» **TASK BRIEF**:
Return the lines of the material below exactly, beginning with the line that has "为激发学生创新创业热情,培养" in it and finishing with the line that has "El Banco Central" in it. Leave all pictures aside.

» **ENTRIES SHOWN**:
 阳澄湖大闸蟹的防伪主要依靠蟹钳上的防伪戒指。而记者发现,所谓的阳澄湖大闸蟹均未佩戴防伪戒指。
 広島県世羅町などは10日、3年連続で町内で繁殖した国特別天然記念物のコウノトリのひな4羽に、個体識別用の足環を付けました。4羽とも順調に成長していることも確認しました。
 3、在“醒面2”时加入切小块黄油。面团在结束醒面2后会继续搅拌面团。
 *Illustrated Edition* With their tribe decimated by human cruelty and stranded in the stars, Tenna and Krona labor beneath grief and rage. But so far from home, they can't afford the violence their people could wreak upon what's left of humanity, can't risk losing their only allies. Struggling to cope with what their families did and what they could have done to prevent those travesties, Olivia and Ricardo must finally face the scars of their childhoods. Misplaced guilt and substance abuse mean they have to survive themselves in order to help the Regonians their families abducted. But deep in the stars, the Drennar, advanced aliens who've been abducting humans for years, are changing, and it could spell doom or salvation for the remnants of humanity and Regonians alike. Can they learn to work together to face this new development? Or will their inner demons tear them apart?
* * *
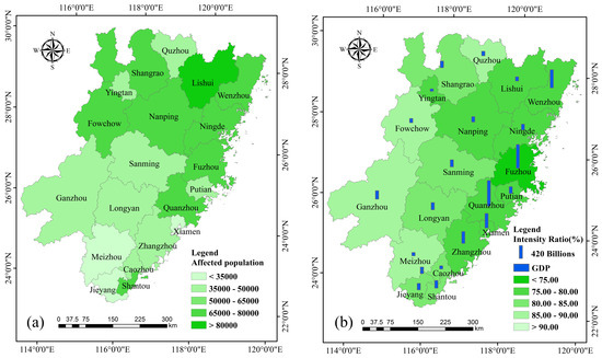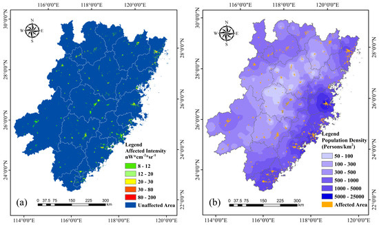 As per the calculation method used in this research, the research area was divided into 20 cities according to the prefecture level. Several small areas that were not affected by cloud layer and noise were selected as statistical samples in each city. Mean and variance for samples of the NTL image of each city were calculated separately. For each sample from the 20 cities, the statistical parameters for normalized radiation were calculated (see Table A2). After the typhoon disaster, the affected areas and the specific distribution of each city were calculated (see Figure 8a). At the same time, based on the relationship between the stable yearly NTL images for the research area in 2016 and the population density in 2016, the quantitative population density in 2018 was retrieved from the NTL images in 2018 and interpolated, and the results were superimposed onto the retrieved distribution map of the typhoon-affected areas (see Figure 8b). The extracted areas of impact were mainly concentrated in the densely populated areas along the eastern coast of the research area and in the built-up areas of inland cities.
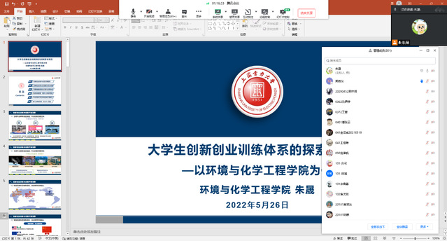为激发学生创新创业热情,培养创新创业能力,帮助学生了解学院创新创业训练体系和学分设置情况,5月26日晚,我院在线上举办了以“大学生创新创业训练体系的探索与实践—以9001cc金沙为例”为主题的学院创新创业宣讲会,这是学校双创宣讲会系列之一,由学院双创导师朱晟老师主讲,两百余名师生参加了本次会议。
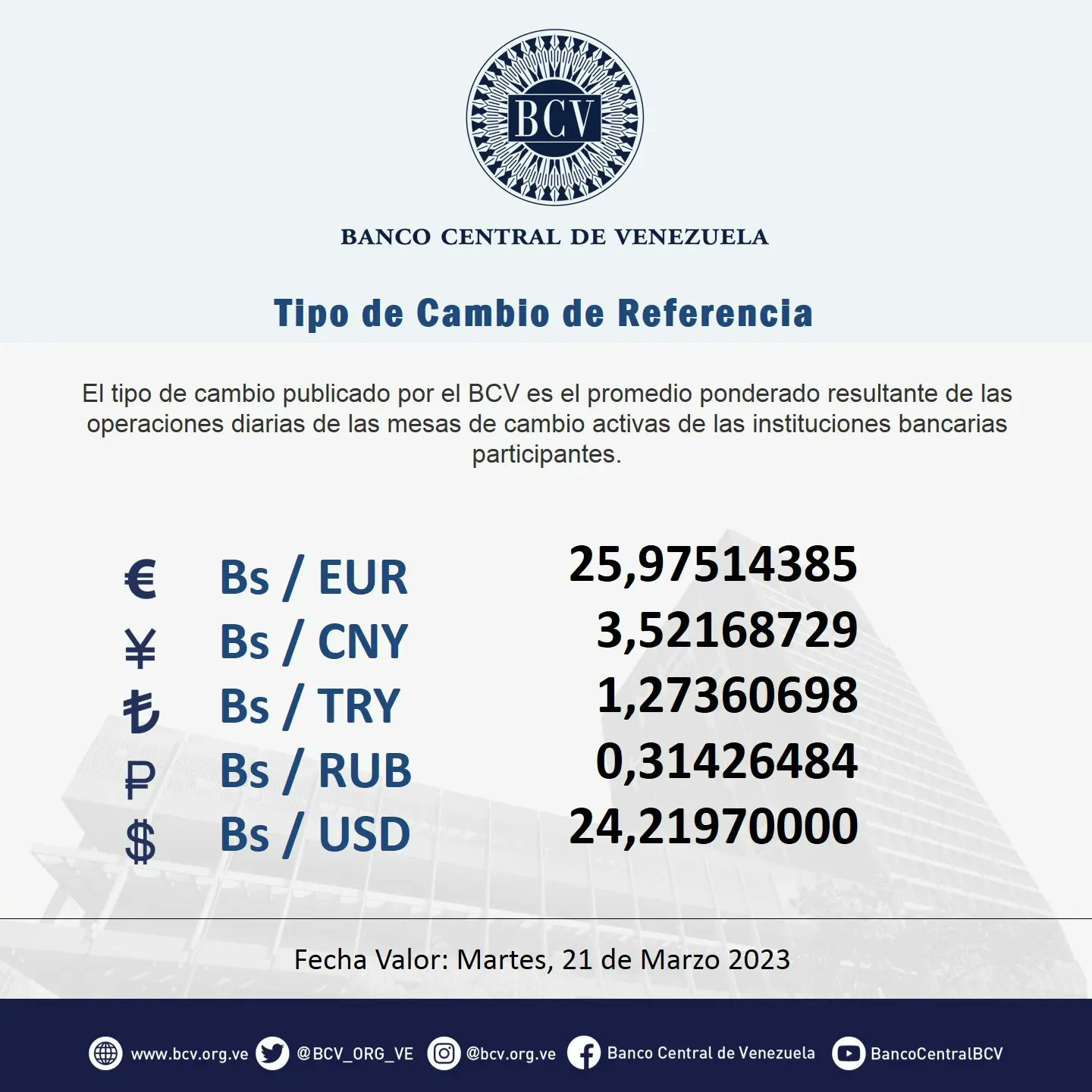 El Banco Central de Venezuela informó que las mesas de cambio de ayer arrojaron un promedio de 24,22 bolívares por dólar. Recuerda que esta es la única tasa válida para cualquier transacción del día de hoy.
* * *
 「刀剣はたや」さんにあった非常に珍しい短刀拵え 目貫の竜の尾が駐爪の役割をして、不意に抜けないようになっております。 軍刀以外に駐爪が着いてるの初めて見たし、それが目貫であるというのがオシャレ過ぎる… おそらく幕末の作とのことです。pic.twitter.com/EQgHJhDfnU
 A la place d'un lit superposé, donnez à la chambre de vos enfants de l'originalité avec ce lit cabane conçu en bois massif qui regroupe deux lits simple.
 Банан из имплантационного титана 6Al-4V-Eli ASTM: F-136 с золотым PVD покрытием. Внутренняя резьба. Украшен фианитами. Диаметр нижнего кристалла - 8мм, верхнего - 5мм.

» **YOUR SOLUTION**:
为激发学生创新创业热情,培养创新创业能力,帮助学生了解学院创新创业训练体系和学分设置情况,5月26日晚,我院在线上举办了以“大学生创新创业训练体系的探索与实践—以9001cc金沙为例”为主题的学院创新创业宣讲会,这是学校双创宣讲会系列之一,由学院双创导师朱晟老师主讲,两百余名师生参加了本次会议。
 El Banco Central de Venezuela informó que las mesas de cambio de ayer arrojaron un promedio de 24,22 bolívares por dólar. Recuerda que esta es la única tasa válida para cualquier transacción del día de hoy.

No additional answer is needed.